May take huge time to find global optimal solution but will always do if given enough time.
Require choosing appropriate sampling technique beforehand.

Variational Inference (Variational Bayesian Methods, Variational Bayes, VI)

statistical tool for approximate inference
to track intractable integrals
considers inference as an optimisation problem
almost never finds the global optima
Diff b/w EM and VI : no distinction between latent variable and parameter in VI but EM puts distinction on both

intractable distri P ~ q belonging to tractable distri Q

Kullback-Leibler Divergence

measure differences in information contained within two distri q, p
>= 0 for all q, p
= 0 iff q = p
not symmetric

KL(q || p) = \sum ( q(x) log ( q(x) / p(x) )
Optimisation objective - J(q) - captures similarity b/w q and p

Bayesian Quadrature (BQ)

quadrature : finding area of something; expressing solution as integral
to obtain Bayesian estimates of mean and variance of non-analytic integrals in variational objective
model-based integration - allows active learning about single fixed integral and minimize their variance; require fewer samples than MCMC
usually gaussian kernel in GP prior otherwise the integral is intractable
works well in low-dim (< 10)
Acq func eg 1 - expected entropy : minimize expected entropy after adding x to training set
Acq func eg 2 - uncertainty sampling strategy : maximize variance of integrand at x

(f) = \int f(x) \pi (x)dx,
Here, f(x) - GP prior & π(x) - known prob distri

Gaussian Process

inf dim Gaussian r.v.
stochastic process - systems randomly changing over time; process can evolve in any dir (realizations); eg. Brownian motion
kernel based prob distri
to specify prior over unknown functions in Bayesian inference
real-valued mean function m and PSD covar/kernel function K
Why PSD? K should be such that for any set x1, . . . , xm \in X , covar matrix K should be valid corr to some MVN. This happens when K is PSD. Must satisfy Mercer's conditions.
any valid kernel function can be used as covar func.
any finite subcollection of random variables has a multivariate Gaussian distribution.
smoothness of the prior comes from covar

Active Sampling

When variance of posterior depends on func values
acquisition function [a:X->R] - determines how we search for new points by solving proxy optimisation x_new = argmax_x a(x)
for GP prior, acq. func. is a func of mean of f(x*) , std of f(x*) , & y_best seen during opt.

VBMC Algo

In each iteration t,

sequentially sample a batch of new points n_active that maximise acquisition func. a(\theta) and evaluate log joint f at each point
train GP surrogate model of log joint f; training set is points evaluated so far
update variational posterior approx. by optimising surrogate ELBO calculated via Bayesian quadrature.

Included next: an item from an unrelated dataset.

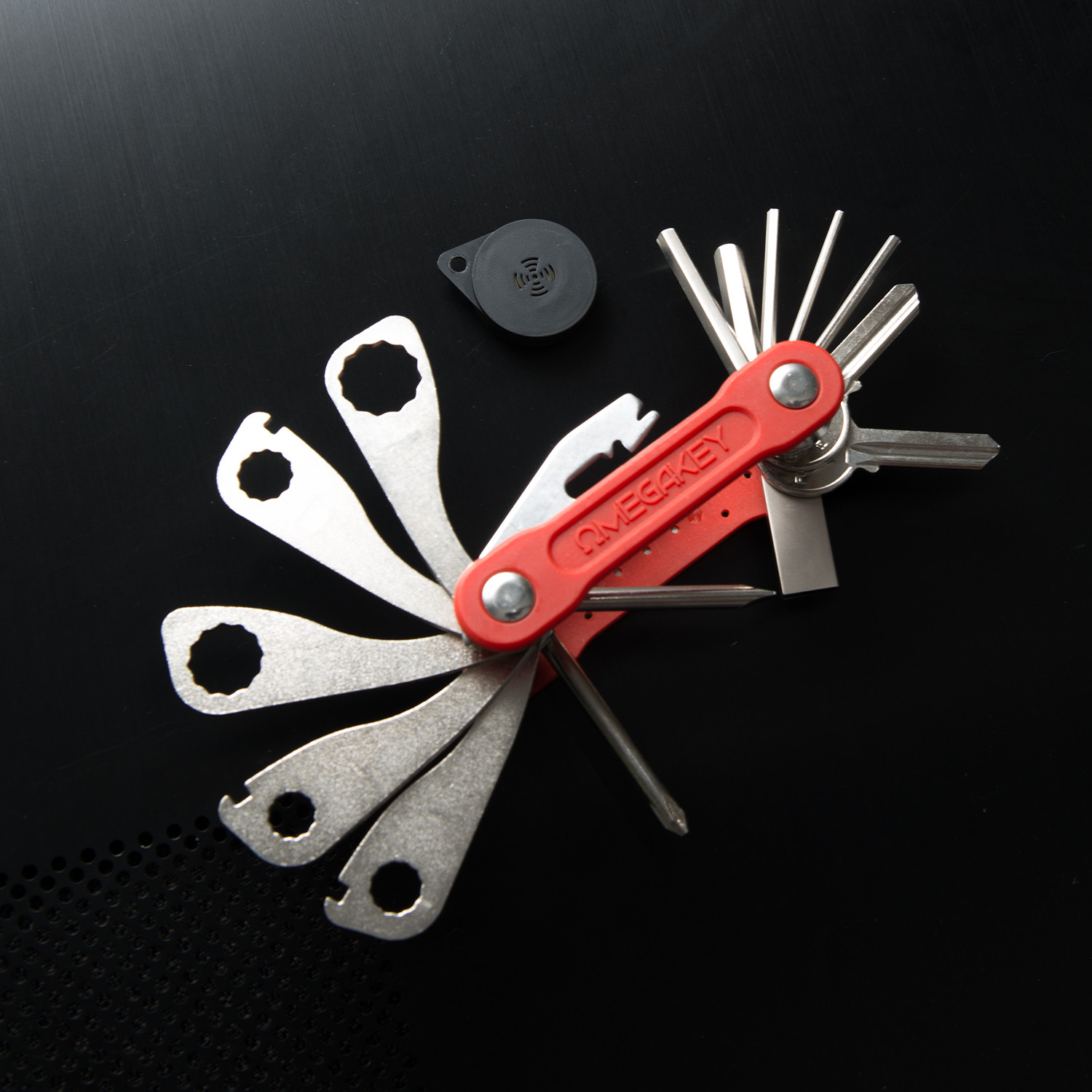 The OMEGAKEY™ is the Swiss-Army style keychain multitool and organizer that will help you streamline and locate your keys, all while outfitting it with a custom range of useful tools. This kit comes with everything you need to get through any situation, including a 64GB USB, spanners, spoke keys, hex bits, screwdrivers, and a bottle opener. The OMEGAKEY™ also acts as an extended grip, great in cold weather or if you’re a sufferer of arthritis. It even syncs to your phone so that you can easily locate lost keys, or get an alert when your keys are out of range. If you're looking to streamline your key-carrying experience, and want a Swiss-army style object that's truly made for you, look no further than OMEGAKEY™.

VI using GP as surrogate model f for expensive log posterior. Keep updating GP using active sampling.
In each iteration except 1st, VBMC samples n_active (=5) points. Select each point sequentially, by optimising acquisition func. & apply fast rank-one updates of GP posterior after each acquisition. No sampling in first iteration so that variational posterior can adapt.
Algo works in unconstrained inference space R^D but parameters with bound constraints can be handled via nonlinear remapping of input space via a shifted and rescaled logit transform, with Jacobian correction of log prob density. Solutions are ed back to the original space via a matched inverse transform, e.g., a shifted and rescaled logistic function for bound parameters.

Variational Posterior q(\theta)

from a non-paramteric family
mixture of K Gaussians with shared diagonal covariance matrix \Sigma, modulo a scaling factor ; w_k = weight of kth comp ; \mu_k = mean of kth comp ; \sigma_k = scale of kth comp
\phi = (w1,...,wK,\mu1,...,\muK,\sigma1,...,\sigmaK,\lambda) ; \phi has K + DK + K + D parameters
K is set adaptively (K=2 initially)
Variational paramters in t-th iter - φ_t

ELBO (Evidence Lower Bound, negative free energy)

need to approximate
using 2 ways
- approximate log joint prob f with GP with SE(rescaled) kernel, Gaussian likelihood with obs. noise σ_obs > 0 (for numerical stability) & neg quadratic mean func m(x) to ensure finiteness of variational objective
- approximate entropy of variational posterior q(θ) and its gradient via Monte Carlo sampling & reparametrization trick.
using mean expected log joint E_phi (f) , entropy and their gradients , optimize neg mean ELBO via SGD

GP f : SE kernel, gaussian likelihood, negative quadratic mean function. GP hyperparam are estimated via MCMC when there’s large uncertainty about GP and then via MAP estimates using gradient-based optimization.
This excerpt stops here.